|Year : 2017 | Volume
| Issue : 1 | Page : 26-31
Determinants of contraceptive use by women in the central senatorial zone of Bayelsa State, Nigeria: A cross-sectional survey
Numonyo Duabo Dambo1, Israel Jeremiah2, Akhtar Wallymahmed3
1 Department of Public Health, Directorate of Clinical Services, Hospitals Management Board, Yenagoa, Bayelsa State, United Kingdom
2 Department of Obstetrics and Gynaecology, Niger Delta University, Amassama, Bayelsa State, Nigeria, United Kingdom
3 Department of Public Health, Faculty of Life Sciences, University of Liverpool, Liverpool, United Kingdom
|Date of Web Publication||15-Nov-2017|
Department of Obstetrics and Gynaecology, Niger Delta University, Wilberforce Island, Amassama, Bayelsa State
Source of Support: None, Conflict of Interest: None
| Abstract|| |
Background: Contraceptives are known to contribute to maternal health and well-being as well as improve child survival. Due to the multiethnic nature of Nigeria, it is known that the factors that influence contraceptive use may vary from one location to another and as such a blanket policy by the federal government on improving contraceptive use may not take into account the subtle differences in sociocultural practices that may influence contraceptive use. The aim of the study was to determine the contraceptive prevalence and explore factors that determine the use of contraceptives among women of Bayelsa Central Senatorial Zone. Materials and Methods: A cross-sectional survey of 210 women aged between 18 and 49 years who completed a close-ended questionnaire was carried out. Descriptive analysis was done for sociodemographic data, and tests of significance were done using SPSS version 20. Results: The prevalence of modern contraceptives in the Central Senatorial Zone of Bayelsa State was 36.8%. Condoms were the most common type of contraceptives used. Education, religious beliefs, and knowledge of fertile days were factors that significantly predicted contraceptive use. Age and number of children influenced the type of contraception a woman used. Conclusion: The contraceptive prevalence in this study is high. The factors that determine contraceptive use such as education and religion have been identified and can be leveraged upon to increase its use.

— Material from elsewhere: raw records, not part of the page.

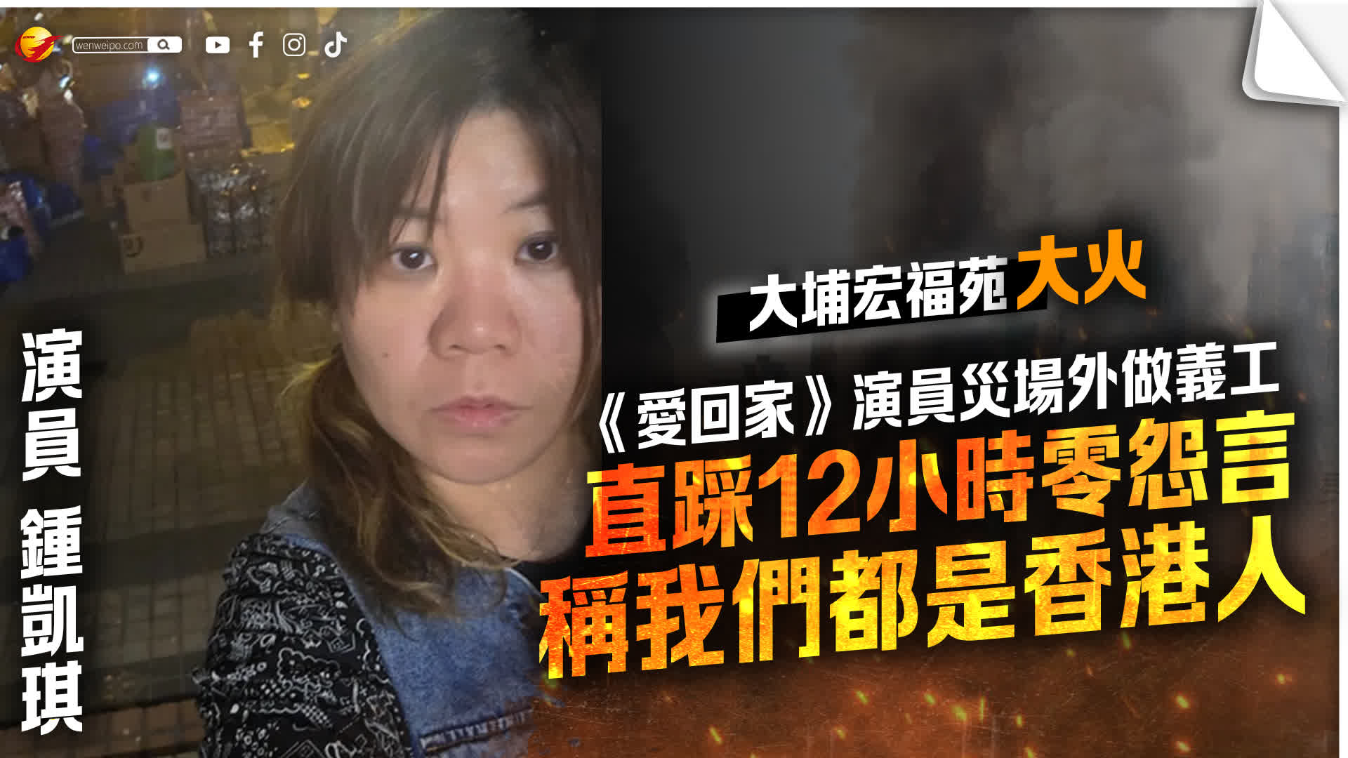 大埔宏福苑五級大火,不少市民自發前往災場外,為受災人士送上支援與溫暖。演員鍾凱琪亦是其中之一,她自夜晚起投入義工工作,連續服務12小時直至翌日早晨,一晚步行了三萬步,毫無怨言。
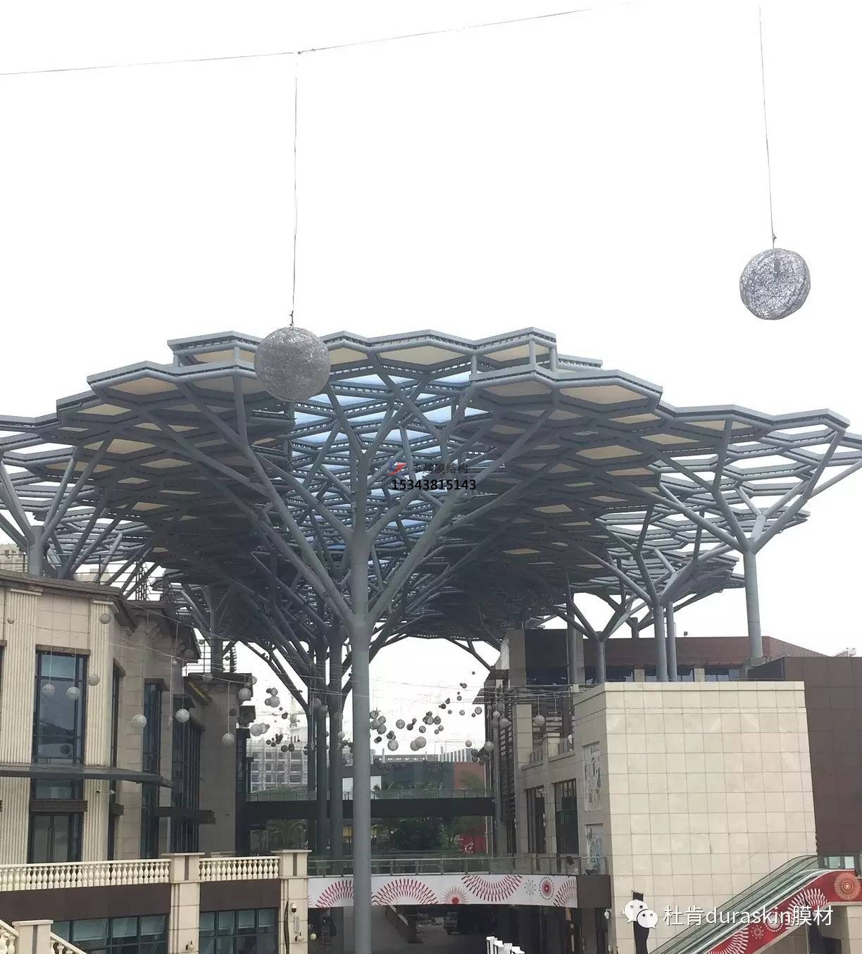 透光性:透光性是現(xiàn)代膜結(jié)構(gòu)較被廣泛認(rèn)可的特性之一。膜材的透光性可以為建筑提供所需的照度,這對于建筑節(jié)能十分重要。對于一些要求光照多且亮度高的商業(yè)建筑等尤為重要。通過自然采光與人工采光的綜合利用,膜材透光性可為建筑設(shè)計提供更大的美學(xué)創(chuàng)作空間。夜晚,透光性將膜結(jié)構(gòu)變成了光的雕塑。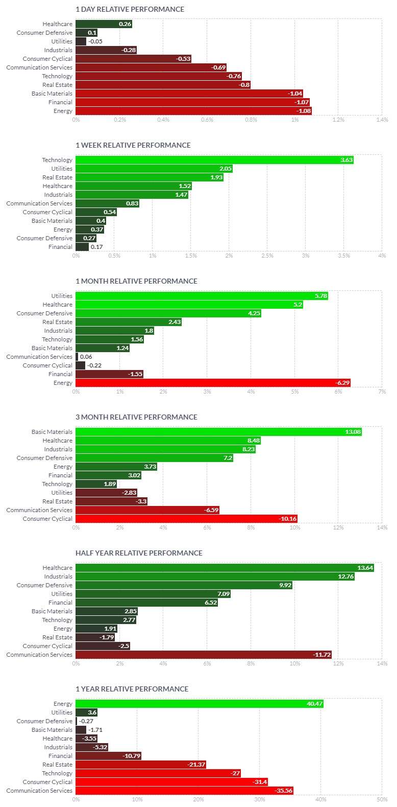 | 커뮤니케이션 | XLC | 50.0 | -1.3% | 햇빛 | 0.7% | -0.1% | -33.5% |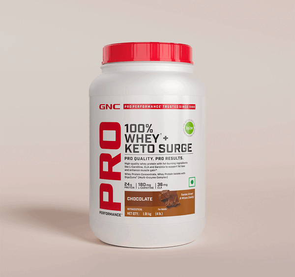 Now available in a delicious chocolate flavor, GNC 100% Whey + Keto Surge comes in convenient 1-pound, 2-pound, and 4-pound size variants, and is available for purchase on GNC India’s website, Amazon, Flipkart, Healthcare, Myntra, Hyugalife, and select offline stores.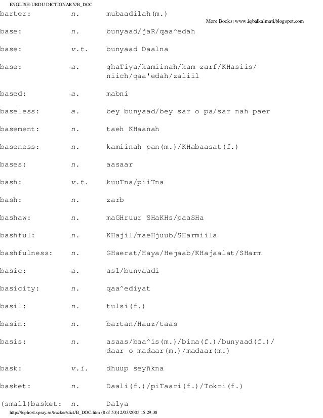 Urdu Romanised Hindi English Dictionary English Alphabetical

Keywords: Contraceptive use, factors, natural or traditional methods
|How to cite this article:|
Dambo ND, Jeremiah I, Wallymahmed A. Determinants of contraceptive use by women in the central senatorial zone of Bayelsa State, Nigeria: A cross-sectional survey. Niger Med J 2017;58:26-31
|How to cite this URL:|
Dambo ND, Jeremiah I, Wallymahmed A. Determinants of contraceptive use by women in the central senatorial zone of Bayelsa State, Nigeria: A cross-sectional survey. Niger Med J [serial online] 2017 [cited 2023 May 29];58:26-31. Available from: https://www.nigeriamedj.com/text.asp?2017/58/1/26/218409
| Introduction|| |
Fertility control has always been a contentious issue with arguments being provided by proponents on both sides of the divide. In 2004, Nigeria put forward the national policy on population and sustainable development (NPPSD). Its objectives were to reduce the growth rate to 2% or less by 2015, reduce the total fertility rate by 0.6 every 5 years, reduce the maternal mortality ratio to 125/100,000 live births by 2010, and 75/100,000 live births in 2015.
Taking into account the importance of modern contraceptives to achieve the objectives of the NPPSD, the policy aimed to increase the contraceptive prevalence rate by 2%/annum. The annual growth rate of the country currently stands at 3.2%/annum.
The use of contraceptives contributes to improvements in maternal and child health as well as national development through direct and indirect means and also assists in national development by reducing population growth; hence, a reduction in the competition for scarce resources. This is especially important for Nigeria that is classified as a lower middle-income country where 62.6% of the population live below the poverty line.
The ability of widespread use of contraception to contribute to improvements in the health indices of a country, women empowerment, and to national development has been demonstrated in developing countries.,
The prevalence of modern contraceptive usage in Nigeria increased by 2% from 8% to 10% over a 5-year period from 2003 to 2008., The contraceptive prevalence for the South-South geopolitical zone of Nigeria stands at 15.5% and the unmet needs for contraception among married women in Nigeria is 20%., There has been an increase in the national growth rate from 2.8% in 1991 to 3.2% in 2006 despite the country's desire to reduce the national growth and there is a clear danger of not meeting the set targets for the Millennium Development Goal 5.,
In 2011, the federal government started making contraceptives available free of charge to the various state and local governments, but before 2011, contraceptives were mainly obtained from private providers with private chemists being the major providers.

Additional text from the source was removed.